毛细胞周围的细胞被称为"支持细胞",它们可以转化成毛细胞或者产生新的毛细胞。鲁贝尔的实验室正在研究这两个进程。"如果我们理解了这种细胞的基因模板,那么我们就可以利用这个模板在哺乳动物身上模拟毛细胞再生,"他说。
有一项研究发现了一种似乎可以让动物毛细胞再生的发育蛋白。在研究中,一名团队成员发现了小鸡的毛细胞受损后体内一种蛋白质的含量(小鸡的毛细胞可以再生)有所上升。但是,在对老鼠进行的同样的实验中(老鼠的毛细胞不能再生),该蛋白质的含量没有上升,这意味着该蛋白质可能与毛细胞再生有关。
参与这些实验的科学家们说,使用药物防止听力丧失的临床实验有可能会在十年内实现。

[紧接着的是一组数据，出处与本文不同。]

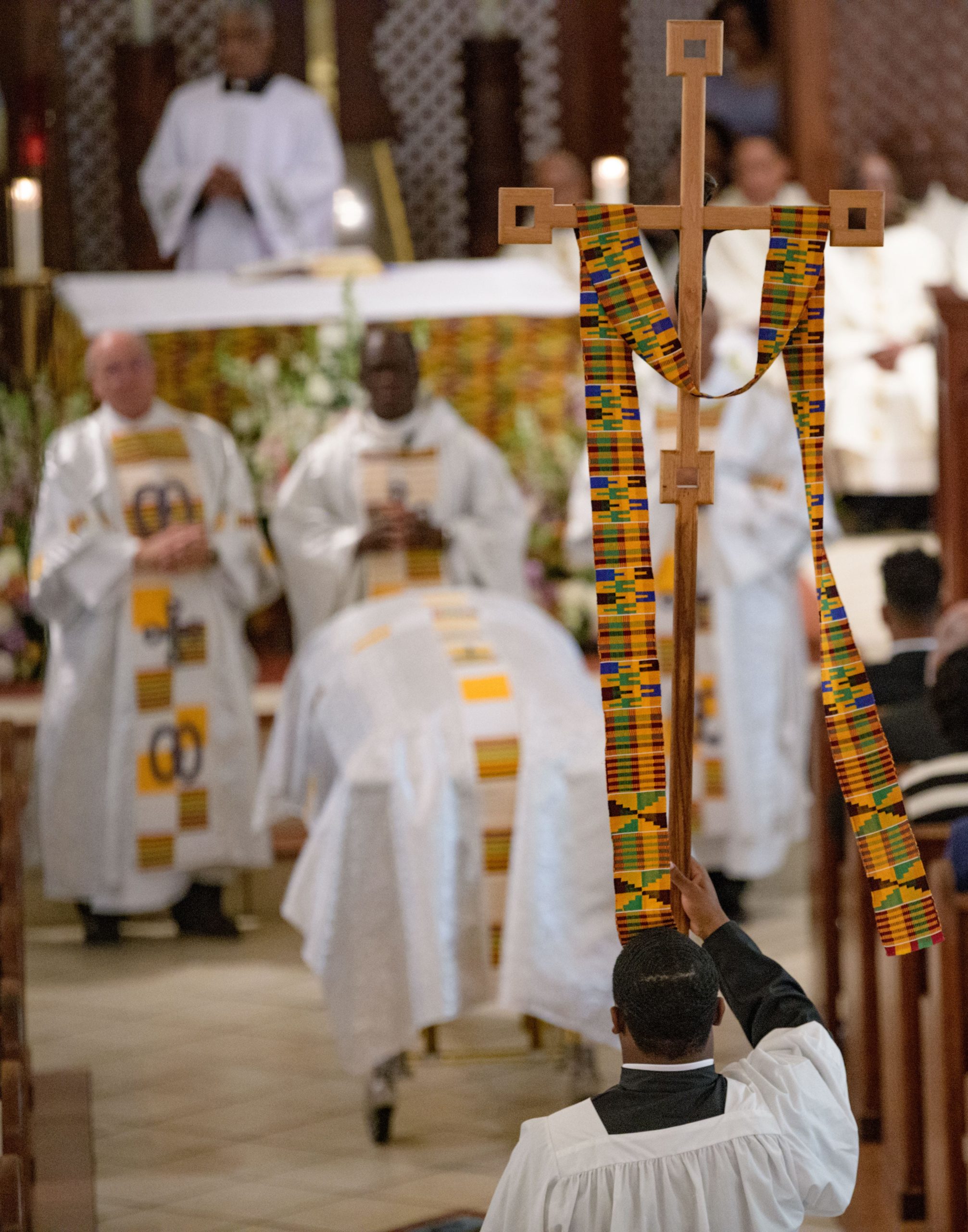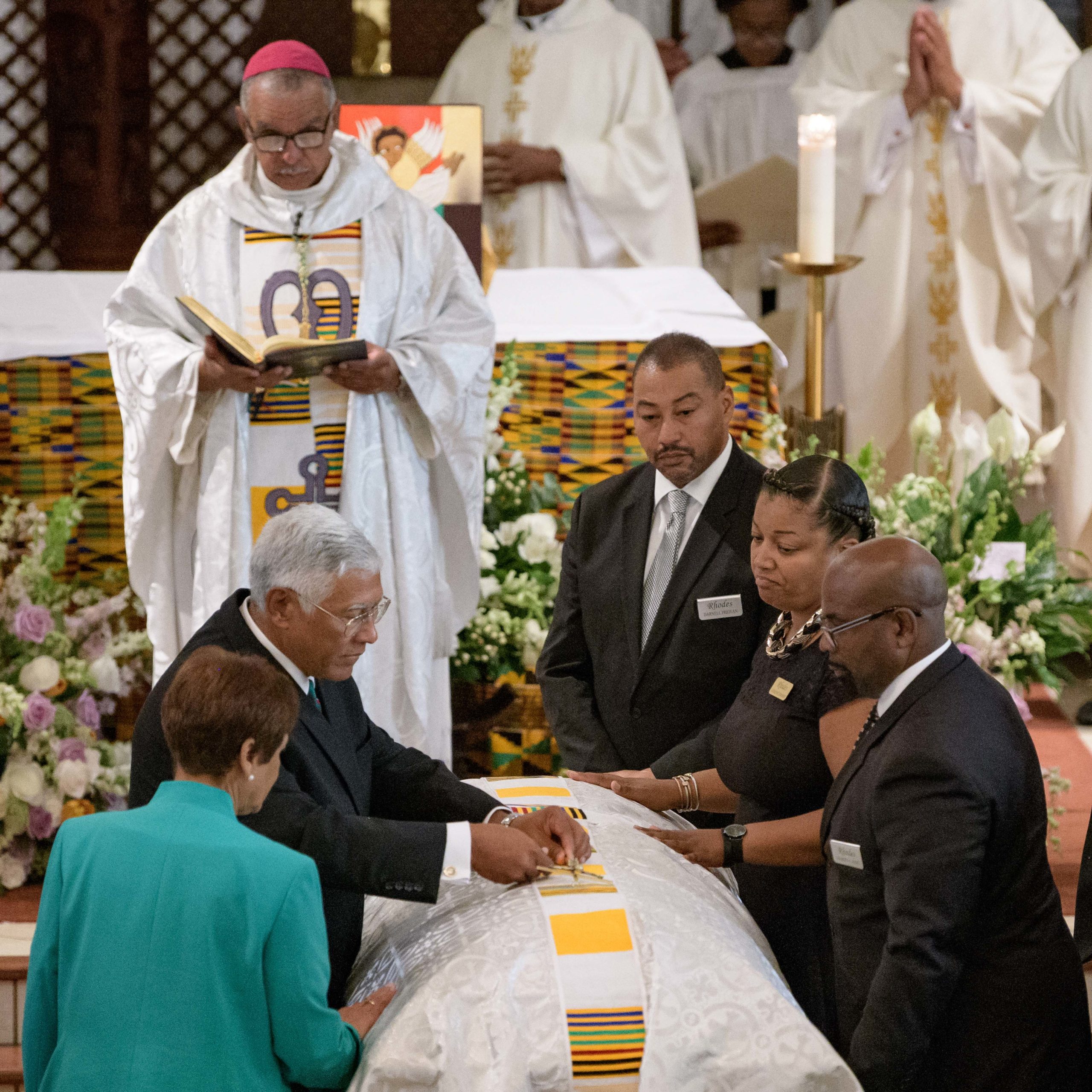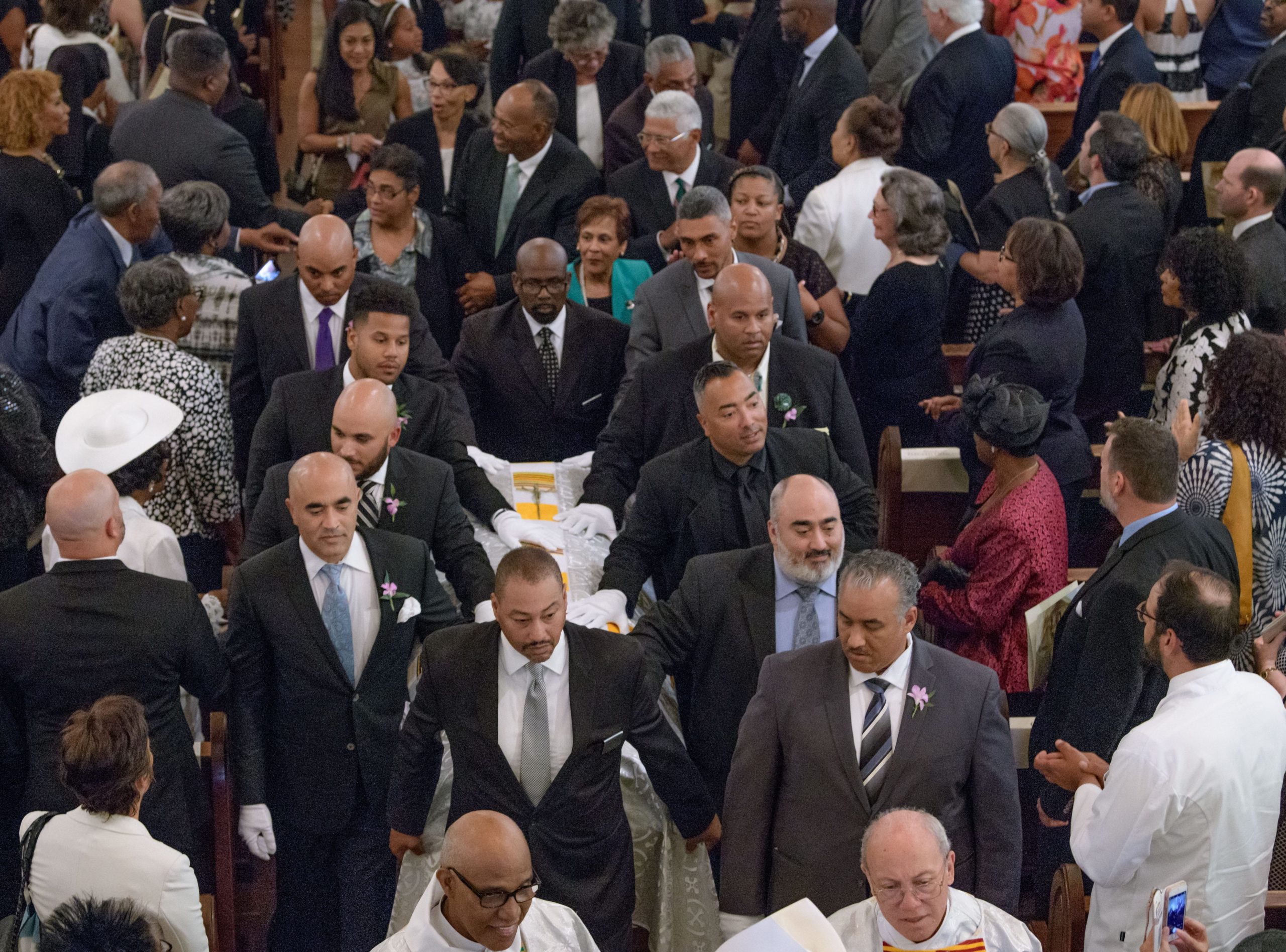 Chef Leah Chase’s grandchildren bring offerings during her funeral at St. Peter Claver Catholic Church at the end of a funeral mass in the Treme neighborhood in New Orleans, La. Monday, June 10, 2019. The Queen of Creole Cuisine at Dooky Chase’s Restaurant passed away last Saturday June 1st at the age of 96. Born on January 6, 1923 she later served two U.S. presidents and also Freedom Riders during the Civil Rights era. The restaurant she ran with her husband, Dooky Chase, Jr., served as a meeting place for African-American politicians for decades. Photo by Matthew Hinton

但是,找到利用毛细胞再生治疗听力丧失的办法可能还需要至少20年的时间。
"助听器是解决问题的一个权宜之计,"美国耳聋和其他沟通障碍研究所(National Institute on Deafness and Other Communication Disorders)听力丧失再生和发展项目的负责人南希?弗里曼(Nancy Freeman)表示。
"利用这种(促进毛细胞再生的)方法,我们希望有朝一日可以找到一种方法让听力能够自然地得到恢复。"